Categories: Wellness

20 Years after America Is Dying Slowly

How a hip-hop masterpiece helped a community face a growing threat.

Photo courtesy NBC

Two decades ago marked the first time in 16 years that the number of AIDS cases in the United States had dropped. Yet with that disclosure from the Centers for Disease Control came the sad news that HIV cases among drug-using heterosexuals, women and minorities were on the rise.
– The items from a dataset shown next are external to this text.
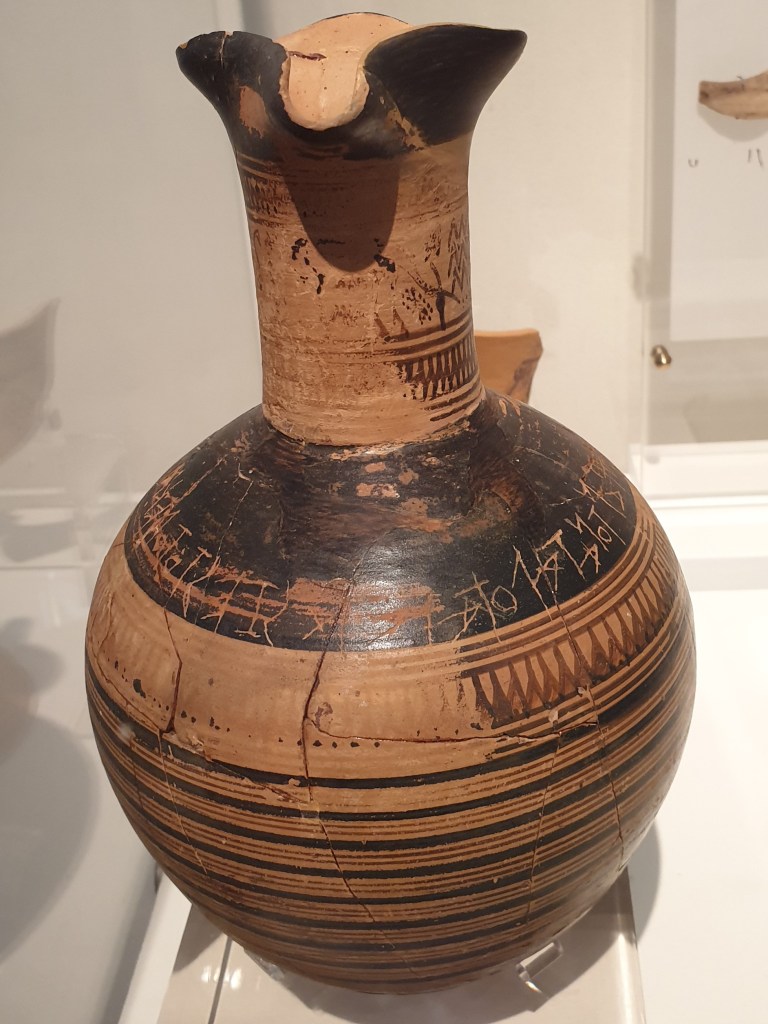 And from centuries again before that, one of the earliest examples of omicron is clearly inscribed on this circa 740 BC wine jug (oinochoe) which I saw in the National Archaeological Museum of Athens. (Although it would not have been called omicron at that stage, before omega was added to the alphabet). Imagine the competition of ‘some festivity unknown to us’ in the museum’s description, leading up to the presentation of this prize jug for ‘the dancer who will now perform more gracefully than all the others’:
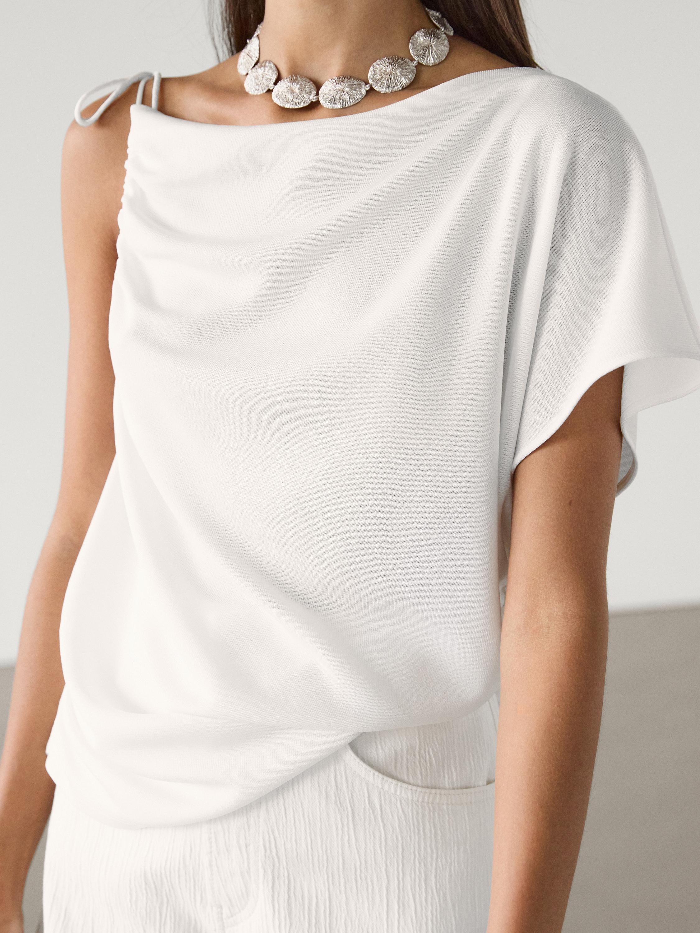 Top with asymmetrical neckline and thin knotted straps. Taille drapée.
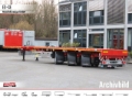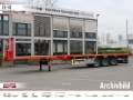 alle anderen Verzurrringe (LC 5.000 daN), 8 Paar Rungentaschen im Außenrahmen der Ladefläche eingelassen, für Steckrungen ca. 100 x 50 mm, 1 abschließbarer INOX-Werkzeugkasten, ca. 1.250 x 500 x 550 mm (L x B x H), unter der Ladefläche in Fahrtrichtung links montiert, Nachlenkung von vorne und hinten mittels Kabel-Fernbedienung bedienbar, mit Einspurkontrolle der Achsen, ohne Installation in der SZM, Stirnwand aus Stahl, ca. 1.800 mm hoch, in zertifizierter Ausführung nach EN12642 : 2016 XL, Runde NATO Steckdose an der Anschlussleiste vorne (Maeler & Kaege VG 96 917), 1 LED Arbeitsscheinwerfer jeweils links und rechts bei den Sattelstützen angebracht, mit Verkabelung auf die Anschlussleiste zur SZM, 3 Rungentaschenleisten quer im Ladeboden der Ladefläche montiert, für Steckrungen ca. 100 x 50 mm, 1 zusätzlicher einhängbarer Zwischentisch, ca. 500 mm breit, für die Auszugsröhre mit großem Querschnitt, mit Hartholzbelag, 1 zusätzlicher abschließbarer INOX-Werkzeugkasten, ca. 1.250 x 500 x 550 mm (L x B x H), unter der Ladefläche in Fahrtrichtung rechts montiert, 1 zusätzlicher abschließbarer INOX-Werkzeugkasten, ca. 1.250 x 500 x 550 mm (L x B x H), unter der Ladefläche in Fahrtrichtung links montiert, Containertaschen WADER in der Ladefläche zum Transport von: 1x 20' Container im Lastschwerpunkt, 2x 20' Container, 1x 40' Container, 1 LED Arbeitsscheinwerfer jeweils links und rechts vor den Achsen angebracht mit Verkabelung auf die Anschlussleiste zur SZM, Zentralschmieranlage mit 2 Pumpen, Marke BEKAMAX, mit Normalfett laut NLGI-2, Funkfernbedienung zur Bedienung der Nachlenkung, zusätzlich zur Kabelfernbedienung, mit 2 LED Kontrollleuchten am Empfänger als Einspurkontrolle, 2 Achslastmanometer auf der linken Seite montiert inklusive Achslastdiagramm, 1. Achse mit Anfahrhilfe
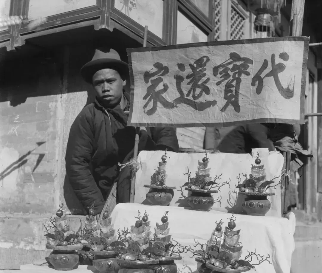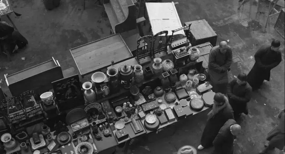 俯瞰那一排桌子,青花罐子对着紫砂壶,老铜秤挨着木砚台,旧相框里的人笑得泛黄,边上还有八仙桌、小方几、檀木画屏,挤在一起像开了个热闹的家庭会,掌柜穿长袍,手背在袖子里打量人,遇见识货的才把货往外推,我舅舅爱在这摊上淘,捻起一个小铜锁,问能开不,老板笑,说钥匙在我心里呢,得凑个缘分,他又摸到一只盖碗,指肚一敲,咚的一声脆响,像敲在瓷心上,他说声还行,不过有绺,放下就走,当年买东西靠耳朵靠手感,现在看直播刷一刷,弹幕上一水儿的正品保证,真真假假也就让快递小哥来背书了。
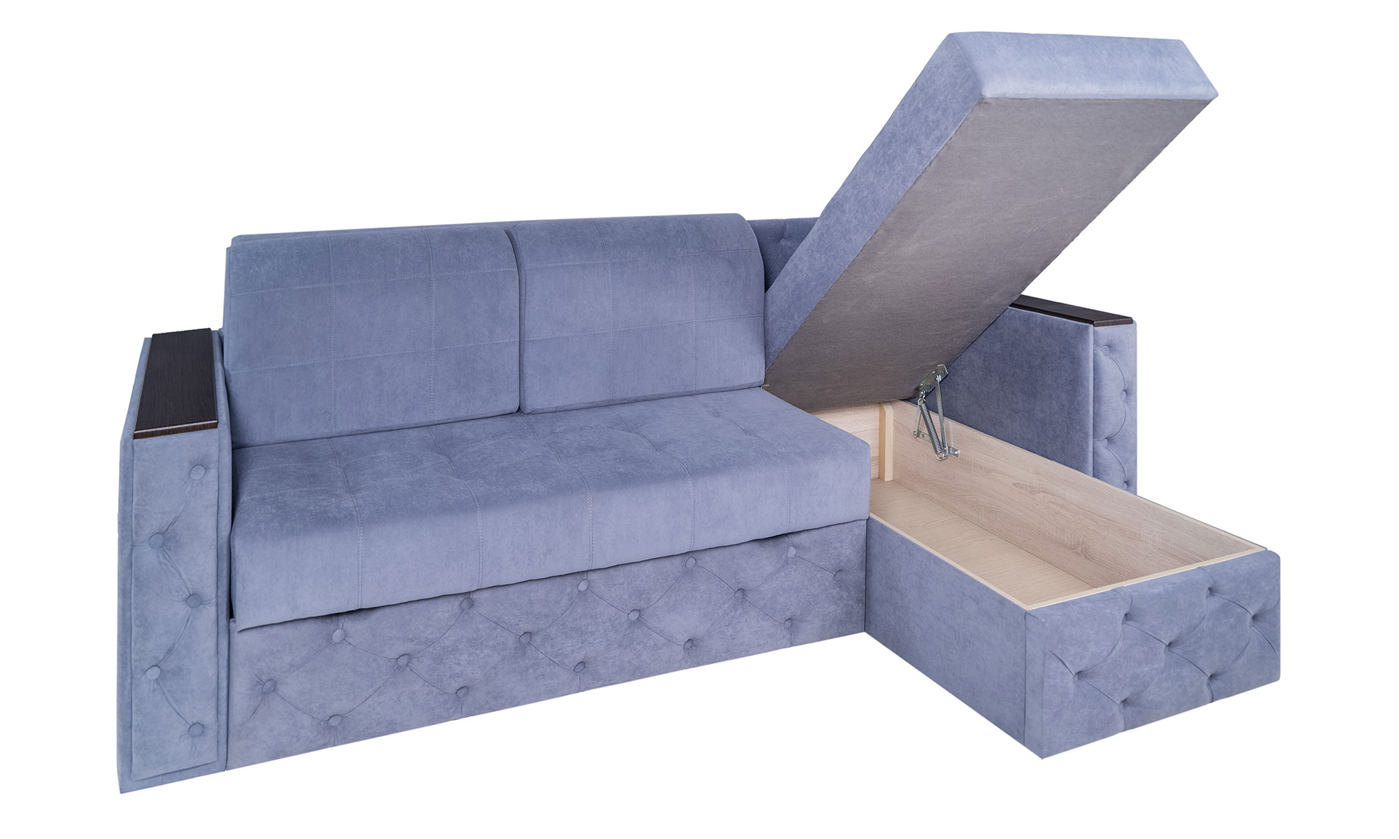Стильный L-образный диван в универсальном оттенке. Обивка с бархатистой фактурой, аккуратная декоративная прострочка и каретная стяжка придают модели дорогой вид. Три широкие подушки-спинки, глубокое сиденье и шезлонг справа — удобно
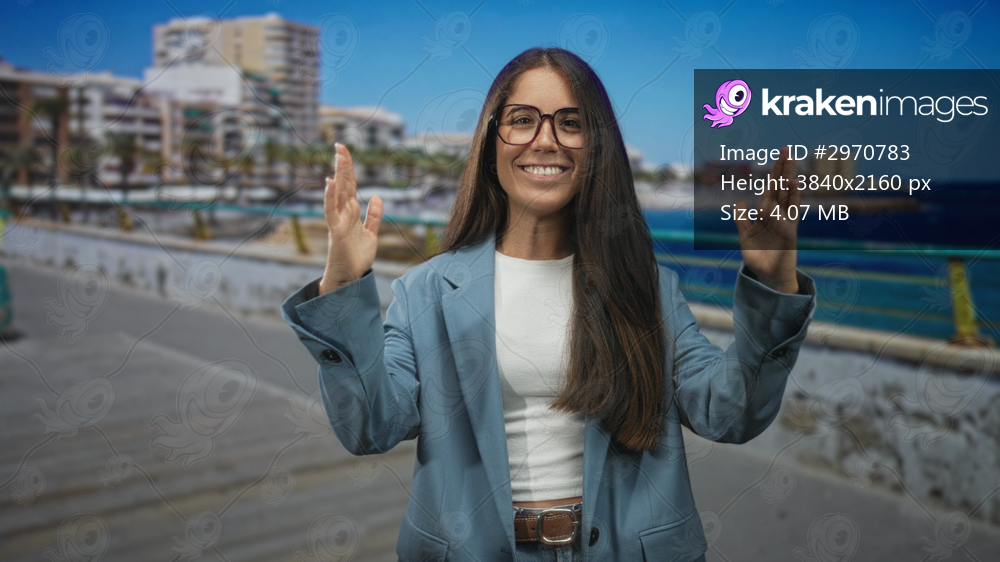 Woman smiling with hands raised wearing glasses and blue blazer on a seaside street promenade by the ocean; joy confidence.
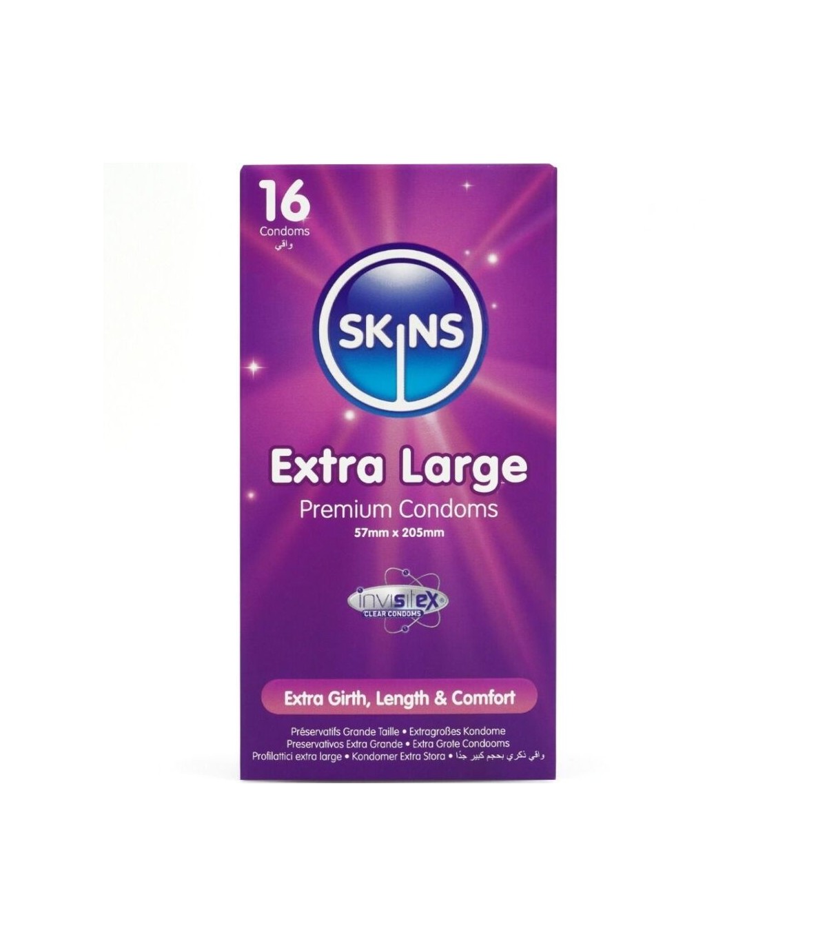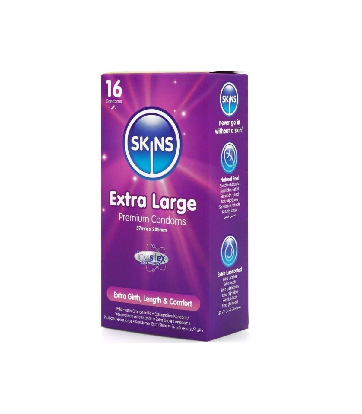 Presentamos el Skins Extra Large 16-Pack, un formato listo para la venta que ofrece hasta un 33 % más de condones por paquete que el líder del mercado, diseñado específicamente para satisfacer las necesidades de los clientes que buscan un ajuste más generoso sin comprometer la comodidad ni la calidad. Desarrollados mediante pruebas directas con consumidores, los condones Skins XL se crearon con la participación de un grupo de hombres con un alto nivel de dotación que evaluaron las tallas grandes líderes del mercado para determinar el ajuste ideal. El resultado: una circunferencia de 57 mm y una longitud de 205 mm, que ofrecen comodidad, confianza y rendimiento óptimos. Fabricados con látex natural de primera calidad, estos condones son ultrafinos pero resistentes, proporcionando una sensación natural y una sensación de segunda piel.
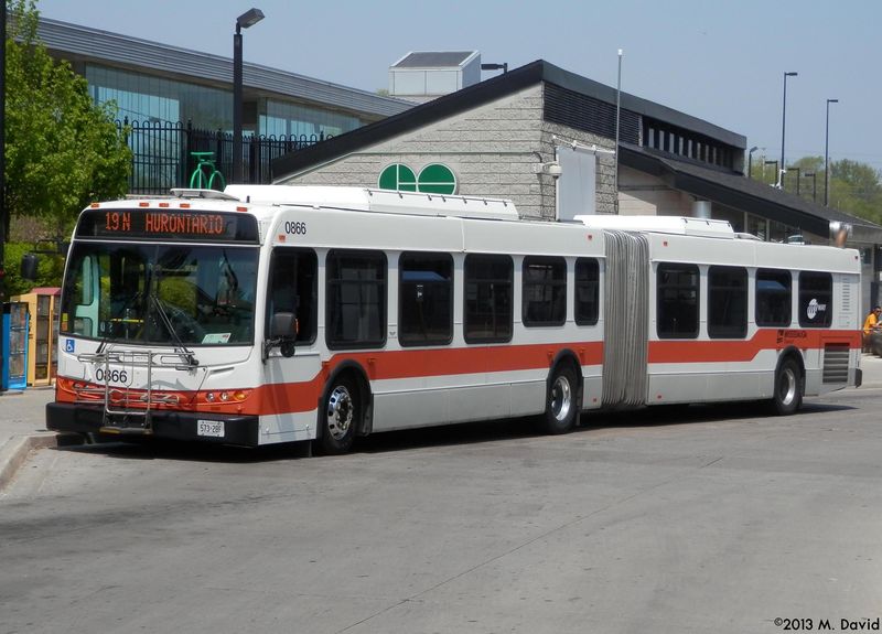 MiWay 0866, a 2008 New Flyer D60LFR, is seen waiting for passengers on route 19 Hurontario at the Port Credit GO Station.

Amid this climate surfaced an album called America Is Dying Slowly intended to heighten awareness of the epidemic specifically among African American men. It was released in 1996 by the nonprofit Red Hot Organization, whose mission is to fight HIV/AIDS through pop culture. The album, which celebrates its twentieth anniversary this year, was hailed by critics as a masterpiece.

“The real success of that record was that the title song — an acronym for AIDS — became a public service announcement on urban and hip-hop radio,” says John Carlin, Executive Producer of the album and Co-Founder of Red Hot. He tells Metrosource: “It was really hard to get people in the hip-hop community to talk about AIDS primarily because there was so much of a stigma around homosexuality in that era. It was perceived as a gay disease, and there were feelings among people of color that AIDS was a disease created by the government to kill black people.”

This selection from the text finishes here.